A CLI tool for automatically translating manga pages from Japanese to English. Detects speech bubbles, extracts Japanese text using OCR, translates to English, and renders the translated text back onto images with proper alignment.
Project description
Manga Translation CLI
Fully automated and offline manga translation pipeline. Intelligently detects speech bubbles, extracts Japanese text with OCR, translates to English, and seamlessly renders translated text back onto pages with proper alignment and customizable fonts.
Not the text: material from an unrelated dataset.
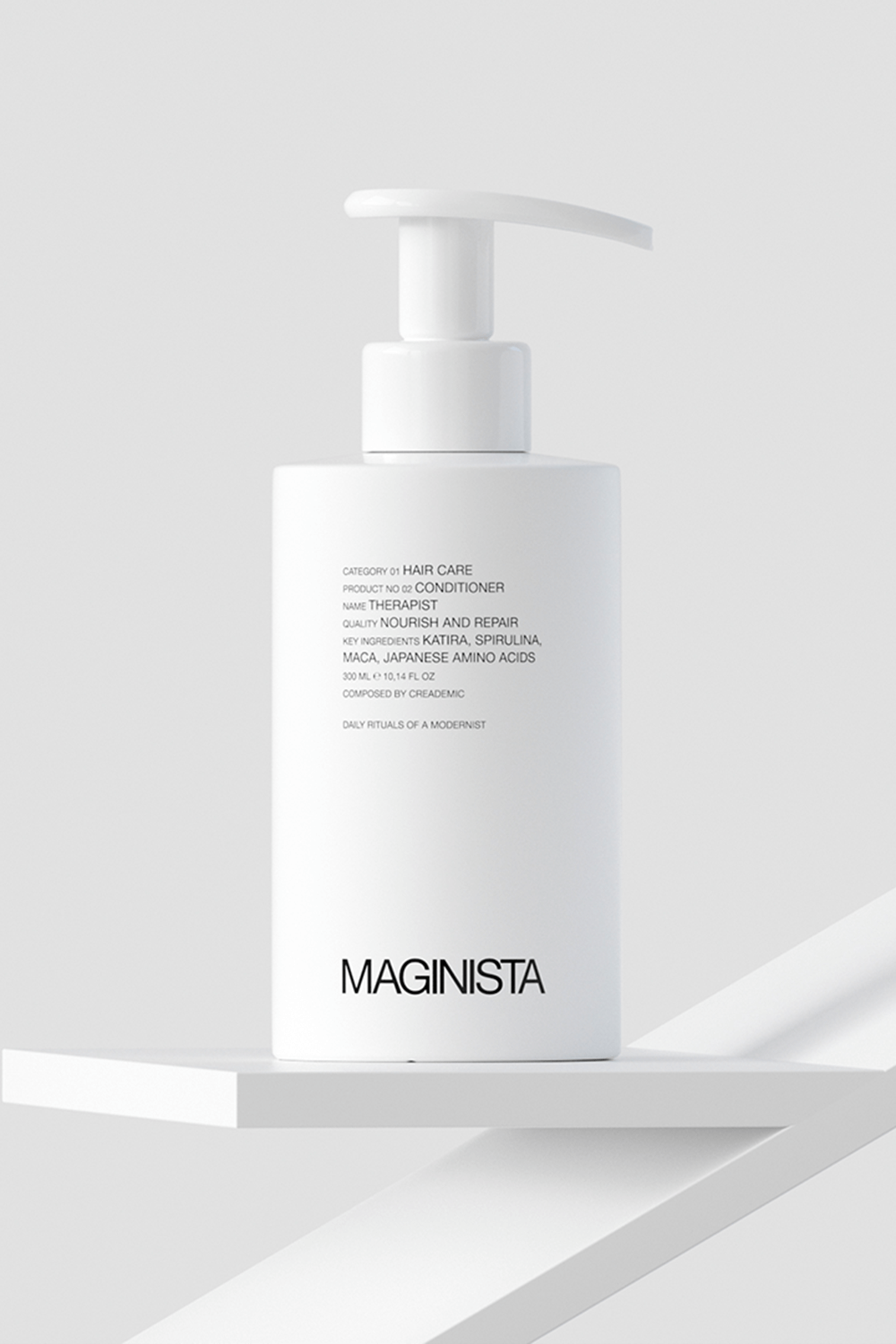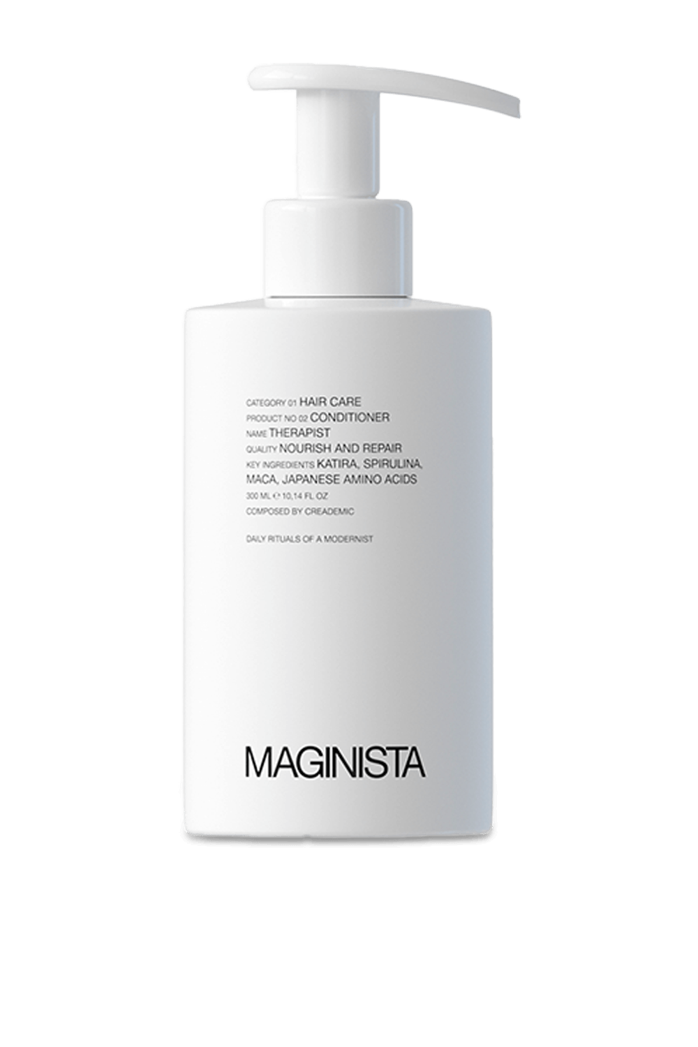 מרכך שיער Therapist מבית Maginista, בפורמולה המגנה ושומרת על השיער מפגעי היומיום. הפורמולה מבוססת על צמח מאקה פרואנית המחזק את השיער ומעניק לו גמישות וברק, אצת ספירולינה המסייעת במניעת נשירה, קרטין הידרוליזי - המסייע לחלבון לחדור בצורה טובה יותר לשיער ומעניק לו הגנה משופרת, גמישות, לחות והוא קל לסירוק קל. ללא בישום. מתאים לכל סוגי השיער. הבקבוק עשוי פלסטיק ממוחזר..

Supports both single images and batch folder processing with GPU acceleration.
Showcase
Example 1: Complete Pipeline
| Original | Detection | Cleaned | Translated |
|---|---|---|---|
Source: Magus of the Library
Example 2: Translation Result
| Original | Translated |
|---|---|
Source: Witch Hat Atelier
| Original | Translated |
|---|---|
Source: Ajin: Demi-Human
| Original | Translated |
|---|---|
Source: Frieren: Beyond Journey's End
Pipeline stages:
- Original: Input manga page with Japanese text
- Detection: YOLO model identifies speech bubble locations (green boxes)
- Cleaned: Bubble interiors filled with base color, text removed
- Translated: English text rendered within bubble shapes
Disclaimer: Example images are from published manga and used for demonstration purposes only. All rights belong to their respective copyright holders. This tool is intended for personal use with legally obtained content.
Table of Contents
- Showcase
- Features
- Installation
- Usage
- Output Structure
- Dependencies
- How It Works
- Limitations
- Known Issues
- Contributing
- Credits
- Changelog
- Notes
Features
- Automatic speech bubble detection using YOLO (YOLOv8m)
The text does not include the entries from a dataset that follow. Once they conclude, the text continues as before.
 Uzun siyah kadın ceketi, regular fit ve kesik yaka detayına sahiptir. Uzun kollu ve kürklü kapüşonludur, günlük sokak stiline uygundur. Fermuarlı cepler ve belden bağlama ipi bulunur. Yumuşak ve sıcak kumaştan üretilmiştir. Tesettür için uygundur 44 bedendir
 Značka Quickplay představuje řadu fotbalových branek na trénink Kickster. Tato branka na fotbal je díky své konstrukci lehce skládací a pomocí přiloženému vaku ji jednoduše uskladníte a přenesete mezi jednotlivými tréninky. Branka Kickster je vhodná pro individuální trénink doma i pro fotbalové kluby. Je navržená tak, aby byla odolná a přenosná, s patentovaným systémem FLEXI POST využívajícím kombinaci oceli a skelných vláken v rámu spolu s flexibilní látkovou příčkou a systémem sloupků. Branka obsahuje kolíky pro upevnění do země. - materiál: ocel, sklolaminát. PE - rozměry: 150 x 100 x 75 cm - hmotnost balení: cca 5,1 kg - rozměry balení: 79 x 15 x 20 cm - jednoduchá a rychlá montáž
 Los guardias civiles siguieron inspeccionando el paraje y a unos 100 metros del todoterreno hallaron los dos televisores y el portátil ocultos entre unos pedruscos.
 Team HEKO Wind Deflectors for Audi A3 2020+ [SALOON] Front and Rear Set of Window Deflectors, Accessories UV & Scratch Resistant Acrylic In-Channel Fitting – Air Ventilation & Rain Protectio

- Japanese text extraction using PaddleOCR-VL transformer model
- High-quality translation using Sugoi-v4 (specialized for Japanese→English)
- Smart text rendering with automatic font sizing and alignment within bubble shapes
- Custom font support for personalized text styling
- Batch processing for entire folders with optimized GPU utilization
- GPU acceleration with CUDA support for faster processing
- Configurable detection with adjustable confidence and IoU thresholds
- Intermediate outputs for debugging (bubble masks, cleaned images, detections)
Installation
Requirements
- Python 3.13 or higher
- UV package manager (recommended) or pip (currently untested)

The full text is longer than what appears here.